5. The intelligent scheduling method for a three-dimensional warehouse based on a linked digital twin according to claim 1, characterized in that, It also includes: step S601, calculating the physical spacing matrix between multiple concurrent operation units in the automated warehouse based on the real-time spatial coordinate sequence; step S602, identifying the interfering unit group in the confluence region according to the physical spacing matrix, and increasing the sampling priority of the interfering unit group in the three-dimensional topology database.
6. The intelligent scheduling method for a three-dimensional warehouse based on a linked digital twin according to claim 1, characterized in that, The resampling operation in step S104 includes: step S701, maintaining the current coordinate node of the physical work unit in the virtual space; step S702, when the global clock of the digital twin model steps, performing zero-order hold processing on the virtual state of the physical work unit until the displacement synchronization signal fed back by the physical work unit is received.
7. The intelligent scheduling method for a three-dimensional warehouse based on a linked digital twin according to claim 1, characterized in that, It also includes: step S801, constructing a virtual coordinate prediction model based on kinematic extrapolation; step S802, when a transient interruption occurs in the real-time spatial coordinate sequence, generating a local predicted coordinate set through the virtual coordinate prediction model to maintain the calculation of the virtual-real synchronization deviation rate.
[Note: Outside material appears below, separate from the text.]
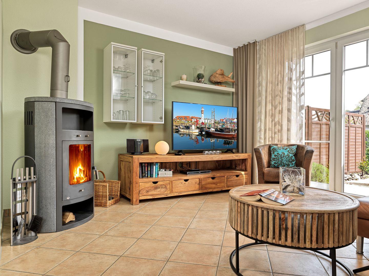 Vom Wohnzimmer mit Kaminofen, Flat-TV, DVD, HiFi, I-Pod-Anschluß aus haben Sie direkten Zugang zur Terrasse.
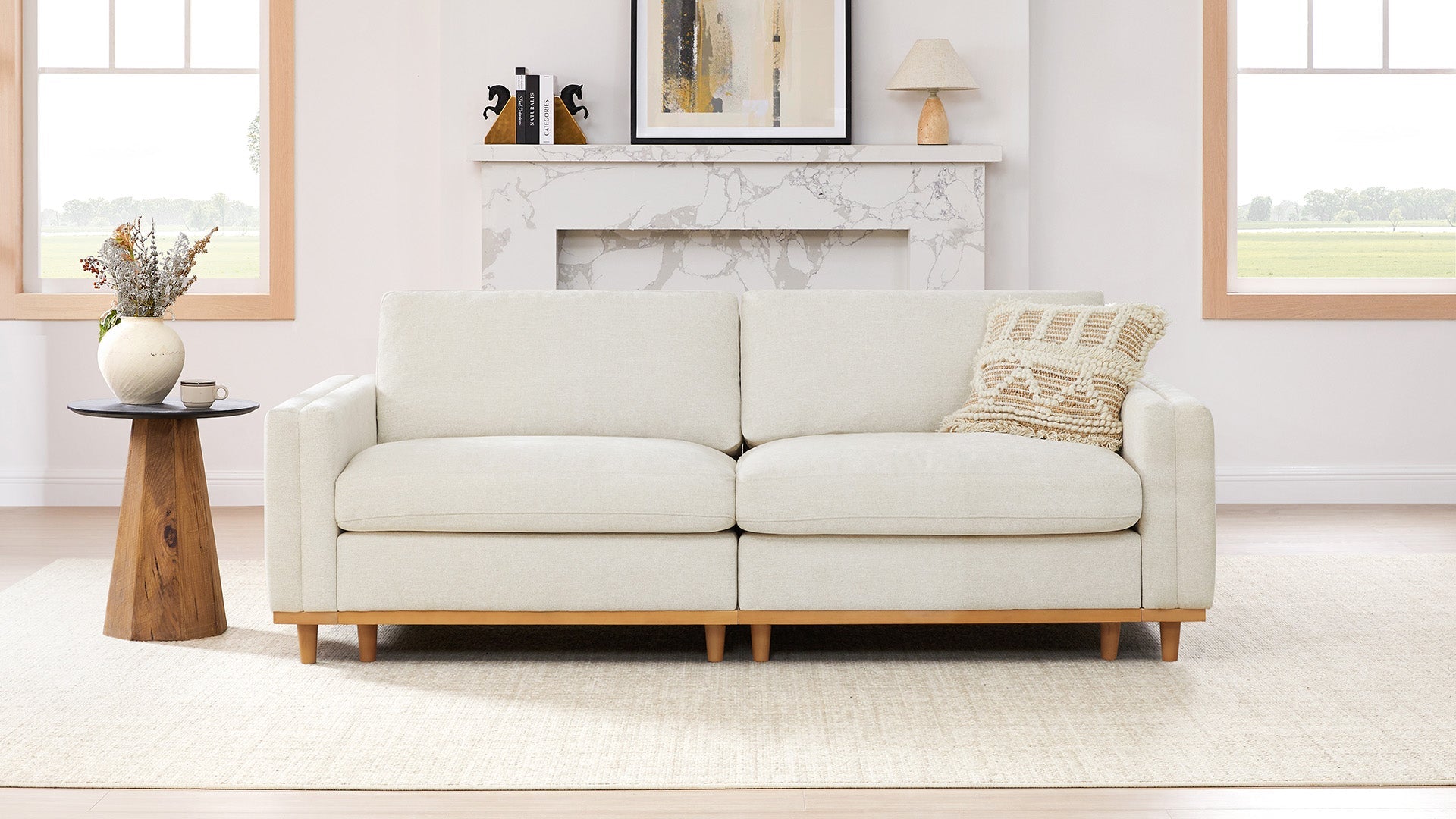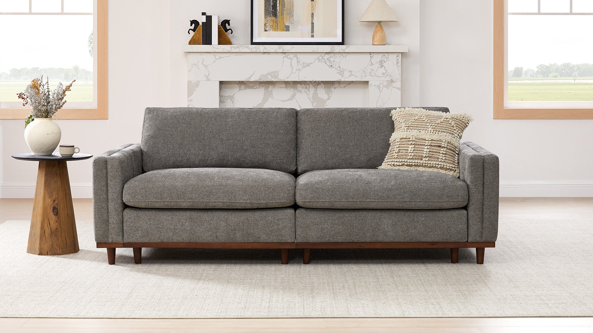 Kiln-dried, solid wood legs add durability and style while providing a high-leg design that allows for easy cleaning underneath, including access for robot vacuums.

8. The intelligent scheduling method for a three-dimensional warehouse based on a linked digital twin according to claim 1, characterized in that, The retrieval path reset operation in the 3D topology database specifically includes: step S901, locking the retrieval address of the physical operation unit in the current coordinate database; step S902, when the global scheduling clock advances to the next cycle, keeping the retrieval address pointing to the current topology node, and realizing local virtual waiting in the 3D topology database.
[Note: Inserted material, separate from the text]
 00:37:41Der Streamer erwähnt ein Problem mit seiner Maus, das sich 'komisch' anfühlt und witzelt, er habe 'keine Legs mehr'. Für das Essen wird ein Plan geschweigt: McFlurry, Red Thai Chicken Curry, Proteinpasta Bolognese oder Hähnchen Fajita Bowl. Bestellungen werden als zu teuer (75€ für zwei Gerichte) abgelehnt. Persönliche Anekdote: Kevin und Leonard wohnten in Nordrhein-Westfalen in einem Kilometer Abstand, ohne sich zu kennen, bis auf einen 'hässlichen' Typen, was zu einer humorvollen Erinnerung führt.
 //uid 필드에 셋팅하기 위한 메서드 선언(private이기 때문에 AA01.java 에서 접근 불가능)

9. The intelligent scheduling method for a three-dimensional warehouse based on a linked digital twin according to claim 1, characterized in that, It also includes: step S1001, calibrating the sensitivity of the hysteresis threshold according to the time-varying characteristics of the load of the physical work unit; step S1002, lowering the hysteresis threshold when the load increases to trigger the retrieval spin window and stabilize the virtual-real synchronization deviation rate within the range of 0 to 0.15.